WORK ORDER
Output the listing word for word, minus pictures.

AVAILABLE DATA
• • • • • • •
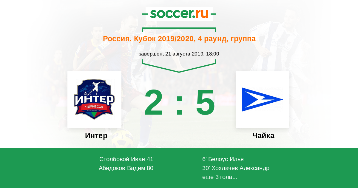 Протокол матча Интер против Чайка
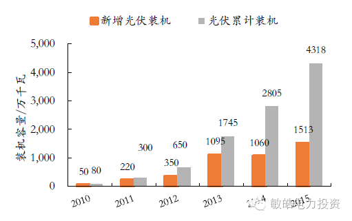 根據(jù)國(guó)家能源局發(fā)布的數(shù)據(jù),2015年,全社會(huì)用電量55500億千瓦時(shí),同比增長(zhǎng)0.5%。截至2015年底,筆者國(guó)光伏發(fā)電累計(jì)裝機(jī)容量4318萬(wàn)千瓦,其中,光伏電站3712萬(wàn)千瓦,分布式606萬(wàn)千瓦,年發(fā)電量392億千瓦時(shí)。占全社會(huì)用電量的0.7%,預(yù)計(jì)2016年全國(guó)光伏裝機(jī)總量為25GW,預(yù)計(jì)2016年光伏年發(fā)電量將達(dá)到全社會(huì)用電量1%。如果按照光伏發(fā)電量占到總用電量8%的目標(biāo)來(lái)計(jì)算,中國(guó)光伏的裝機(jī)總量將需要達(dá)到500GW的裝機(jī)規(guī)模。總投資需求為2.5萬(wàn)億元,隨著光伏電力價(jià)格的進(jìn)一步降低,光伏行業(yè)的未來(lái)才剛剛開(kāi)始。
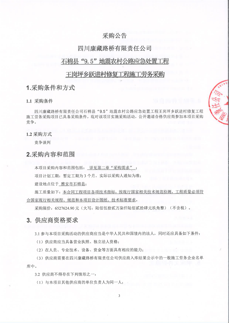 四川康藏路橋有限責(zé)任公司石棉縣“9.5”地震農(nóng)村公路應(yīng)急處置工程王崗坪鄉(xiāng)躍進(jìn)村修復(fù)工程施工勞務(wù)采購公告
• • • • • • •
WORKED SOLUTION
 Протокол матча Интер против Чайка
 根據(jù)國(guó)家能源局發(fā)布的數(shù)據(jù),2015年,全社會(huì)用電量55500億千瓦時(shí),同比增長(zhǎng)0.5%。截至2015年底,筆者國(guó)光伏發(fā)電累計(jì)裝機(jī)容量4318萬(wàn)千瓦,其中,光伏電站3712萬(wàn)千瓦,分布式606萬(wàn)千瓦,年發(fā)電量392億千瓦時(shí)。占全社會(huì)用電量的0.7%,預(yù)計(jì)2016年全國(guó)光伏裝機(jī)總量為25GW,預(yù)計(jì)2016年光伏年發(fā)電量將達(dá)到全社會(huì)用電量1%。如果按照光伏發(fā)電量占到總用電量8%的目標(biāo)來(lái)計(jì)算,中國(guó)光伏的裝機(jī)總量將需要達(dá)到500GW的裝機(jī)規(guī)模。總投資需求為2.5萬(wàn)億元,隨著光伏電力價(jià)格的進(jìn)一步降低,光伏行業(yè)的未來(lái)才剛剛開(kāi)始。
 四川康藏路橋有限責(zé)任公司石棉縣“9.5”地震農(nóng)村公路應(yīng)急處置工程王崗坪鄉(xiāng)躍進(jìn)村修復(fù)工程施工勞務(wù)采購公告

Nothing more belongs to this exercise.